– По своему опыту могу сказать, что растительные мази доктора Фаррагута годятся в любых случаях, – сказал я. – Не сомневаюсь, что и этот бальзам окажется крайне эффективным.
– Надеюсь, вы правы, мистер. Дошло до того, что собственная жена не хочет со мной за один стол садиться. Ладно, удачи вам обоим.
Отвязав поводья, он сел на своего скакуна и, снова приподняв шляпу, рысцой поскакал по Лексингтон-роуд.

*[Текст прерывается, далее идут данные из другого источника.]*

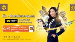 รับ - ส่งเงินโอนต่างประเทศ Western Union ผ่าน krungsri app รับฟรี Starbucks e-Coupon
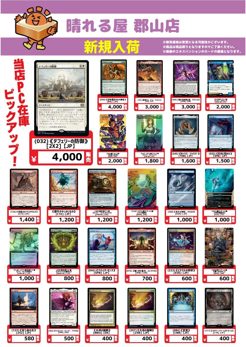 【商品情報】 PC注文在庫にカードを追加しました‼️ 注目カードピックアップ🎯 《テフェリーの防御》4,000円 《雄牛のやっかいもの》1,200円 《スパイダーセンス》800円 《ピナクルの特使》600円 ご注文はこちらから🔽
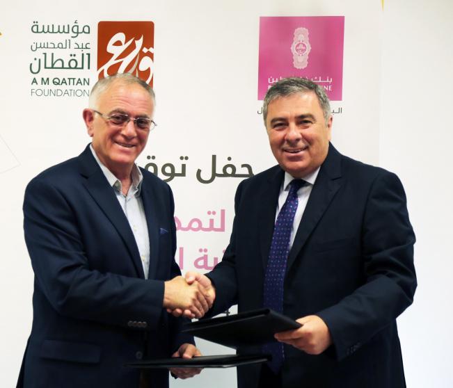 وتم التوقيع بحضور مدير إدارة الشركات في البنك ناصر باكير، ومدير إدارة خدمات الأفراد ثائر حمايل، ورئيسة دائرة المسؤولية الاجتماعية هبة طنطش، ورمزي عطا من دائرة المسؤولية الاجتماعية في البنك، فيما حضر من مؤسسة عبد المحسن القطان فداء توما نائب المدير العام، ونادر داغر مدير الاتصال والعلاقات العامة، ومجد حجاج مديرة تنمية الموارد.

Не успел он скрыться из виду, как нас оглушил рокочущий голос, раздавшийся где-то неподалеку:
– Известно ли вам, что самые первые составленные мною лекарства предназначались для лечения укусов насекомых и сыпи? Так что, можно сказать, начинал я на голом месте.
Обернувшись к дому, мы увидели в обрамлении окна человека, в котором я признал самого доктора Фаррагута. Сидя рядом с открытой створкой, через которую явно был слышен наш разговор с мистером Уинслоу, он был виден только до плеч.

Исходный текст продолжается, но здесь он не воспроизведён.